Pushpa’s hands were busy stuffing small balls of newspaper into the plastic carcass of a heart. Sitting in the women’s centre in the heavy heat of early afternoon she was huddled with the other women who were chatting and busy with the task of making heart shapes out of plastic bags. Regardless of the heat the women sat so close to each other they often touched; their sari’s pooled together on the cool tile floor. Guddiya stared open-mouthed at nothing, and her hands moved slowly, mindlessly tearing strips of newspaper and crunching each strip into a ball.  Pushpa’s two children wandered into the room and yanked at their mother’s attention. Her son pulled at her sari while her daughter dangled her arms around her mother’s neck. Tended to warmly by their mother, the children finally dawdled out of the room happy to play outside in the lane way.

I wanted to interview Pushpa as was my plan with the other women. I took my small notebook out of my bag, searched through the boxes of sewing supplies for a pen, and finally settled, sitting cross-legged on the floor in the tangle of women amidst the litter of cut plastic, torn newspaper, skeins of embroidery thread and sequins that stuck to my pant legs. More children filed in to the room, twirling, expectant, curious always, eager to stay in this wonderland of women. Kane joined us and the kids used his body as a prop to swing on, sit on, lay on and sleep on. Pushpa shyly agreed to talk about her life but was suspicious about why I would want to know her story.  Threading a needle, she stared straight ahead and said,  “if you are rich people pay attention to you, but if you are poor no one asks you about anything.” A lump of emotion welling up in my throat I replied, “I am curious about your life, how you arrived in Mumbai, when you came here, what you think about and what you want for your children.” With some gentle prodding from Indu, Pushpa stretched her perfectly shaped lips into a shy grin and began to talk.

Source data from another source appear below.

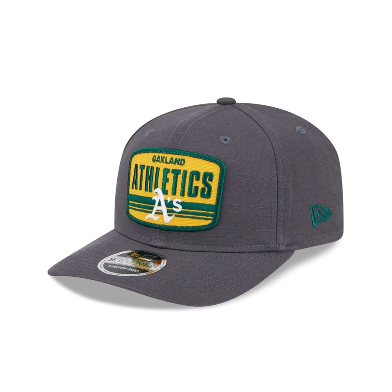 The Athletics Team Elevated 9SEVENTY Stretch-Snap Cap features an embroidered Athletics logo at the front panels with a matching New Era Flag at the left-wear side. Additional details include a gray undervisor and a snapback closure at the rear.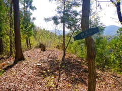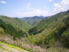 途中、「←一寸寄り道・一服 黒田展望地 2分」という道標を見掛けたので、立ち寄ってみる。分岐点からすぐで雑木林が切り開かれた場所に出て、南面の展望が開ける。眼下には新緑で覆われた神流川の谷が広がり、その向こうには上武国境稜線が青空にギザギザのスカイラインを描いている。これは展望地の名に相応しい佳い眺めだ。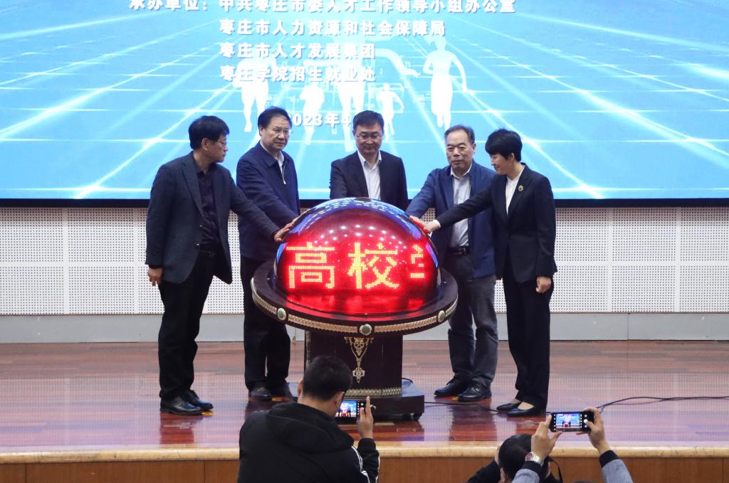 本次活动采取线下线上同步举办、全程直播的方式。枣庄市副市长张庆伟,省“四进”工作枣庄市总队总队长陈承聚、副总队长王鹏,枣庄市委组织部副部长陈淑华,省“四进”工作组枣庄市总队相关人员,市直相关单位负责同志,各区(市)委组织部、人社局分管负责人,企业负责人;校党委副书记、校长李文喜,各二级学院及招生就业处负责人和师生代表参加招聘会。山东城市建设职业学院、山东劳动职业学院师生代表通过网络直播观看。会议由304am永利集团官网党委委员、副校长丰雷主持。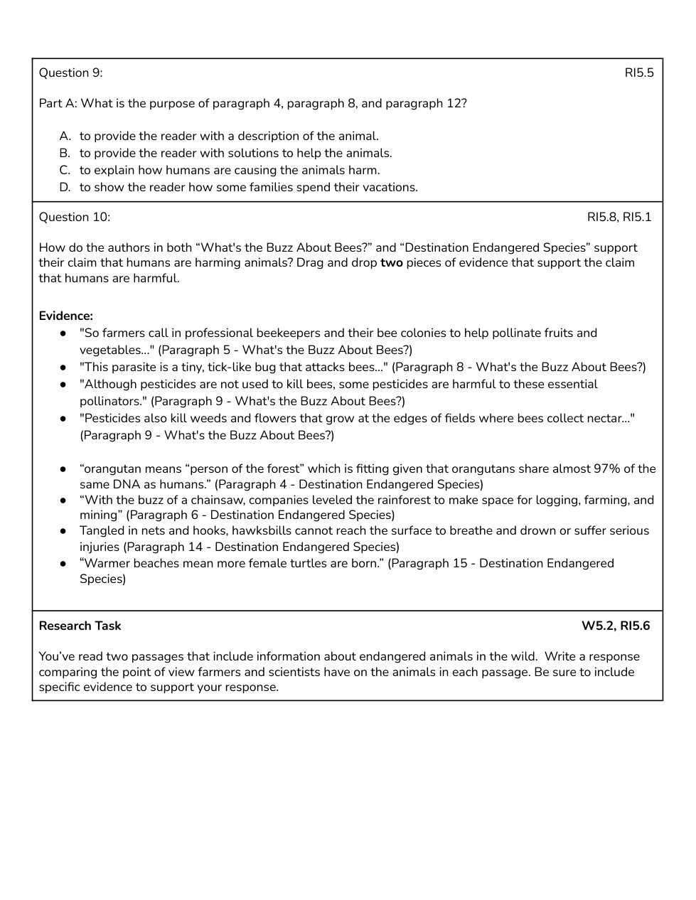 - “What's the Buzz About Bees?”Drag and drop two pieces of evidence that support the claim that humans are harmful.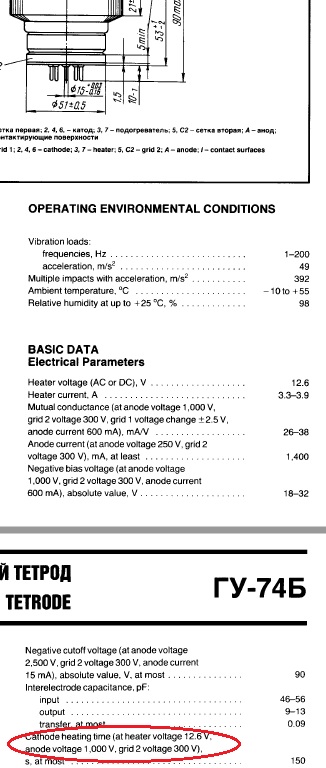 Die NOS-Röhren stammen meistens aus russischen, militärischen Ersatzteil- lagern und haben eine Liegezeit von mehreren Jahrzehnten hinter sich. Aus dem Datenblatt ist ohnehin zu entnehmen, dass das Anlegen der Schirmgitter- und Anodenspannung nach dem Anheizen (12,6V, knapp 4A) frühestens nach 2,5 Minuten erfolgen darf, damit es keine Elektrodenüberschläge in der Röhre gibt. Röhren und Endstufen, die lange Zeit nicht betrieben wurden, müssen unbedingt minimal 12 Stunden, besser 48 Stunden durchgeheizt werden. Danach reichen die 2,5 Minuten, wenn die Röhre mindestens alle 3 Monate hoch- gefahren wird. Selbst nach dieser Behandlung können in den ersten Vollast-Stunden immer noch Überschläge passieren, selbst bei einer Sperrung der Röhre über das Steuergitter mit einer Vorspannung von -90V. Eine flinke Anodensicherung sollte also immer vorhanden sein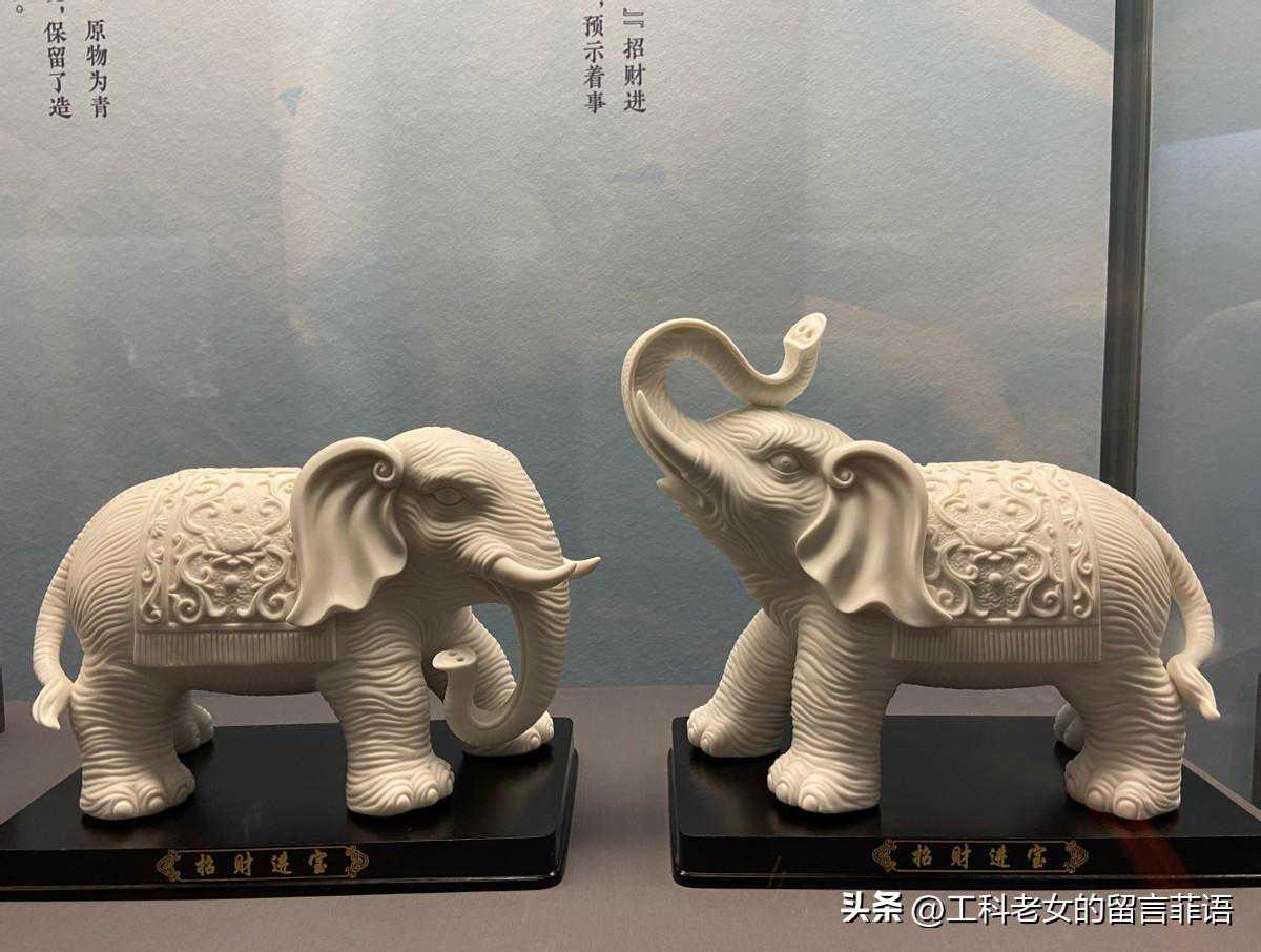 国博“德化瓷”展上有一组动物,除了生动可爱外,还都具有满满的寓意——以貔貅表示招财进宝,以奔马表示奋进,以大象表示事业稳健,以狮子表示势在必得……。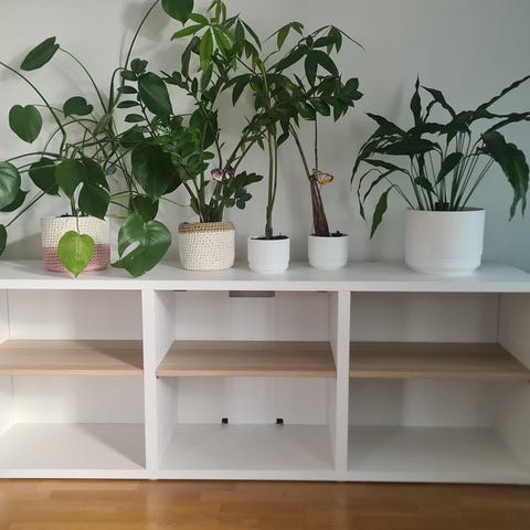 Valkoinen tv-taso, jossa puunväriset jalat ja etureunan yksityiskohdat. Tasossa on kolme alaspäin avautuvaa ovea ja sisällä väliseinillä jaetut säilytyslokerot, jotka soveltuvat esimerkiksi mediulaitteille ja tarvikkeille. Takana on läpivienti johtoja varten. Materiaalina on kalustelevy, pinnassa valkoinen laminaatti tai melamiinipinta. Yhdessä kulmassa on näkyvissä irronnut reunalista, mikä kannattaa huomioida kunnon arvioinnissa.

What I was beginning to find out about most of the women living in the community was also true about Pushpa. She has no formal education and she has endured the death of more than one child.

Pushpa and her husband are from the Gwal caste (traditionally milk and curd sellers). They started their married life in a large village in the northern state of Uttar Pradesh when Pushpa was 13 years old. On the day of her marriage, devastated to leave her parent’s home, she moved to the home of her 15 year old husband’s parents, living in a separate room for  two years. While she gave birth to her first child at age 16 her husband struggled to find employment in the village. He left his young family in the care of relatives and travelled to Mumbai by train; an arduous, tedious third class journey that takes almost 24 hours. Mumbai beckons impoverished yet optimistic villagers from all parts of India with no assurances of a better life, but with more options for making dismal money and the dim hope of better education for their children and better living standards which might include running water, electricity, and hope. The reality of Mumbai for Pushpa’s husband was a deal with an unscrupulous relative who provided him with a job but refused to pay him. In lieu of wages he was given food, clothing and crude shelter. For three years he toiled under these conditions and visited his growing family when he could. Pushpa remained in Uttar Pradesh caring for their two young daughters, enduring the death of a 10 month old son and the stillbirth of another child.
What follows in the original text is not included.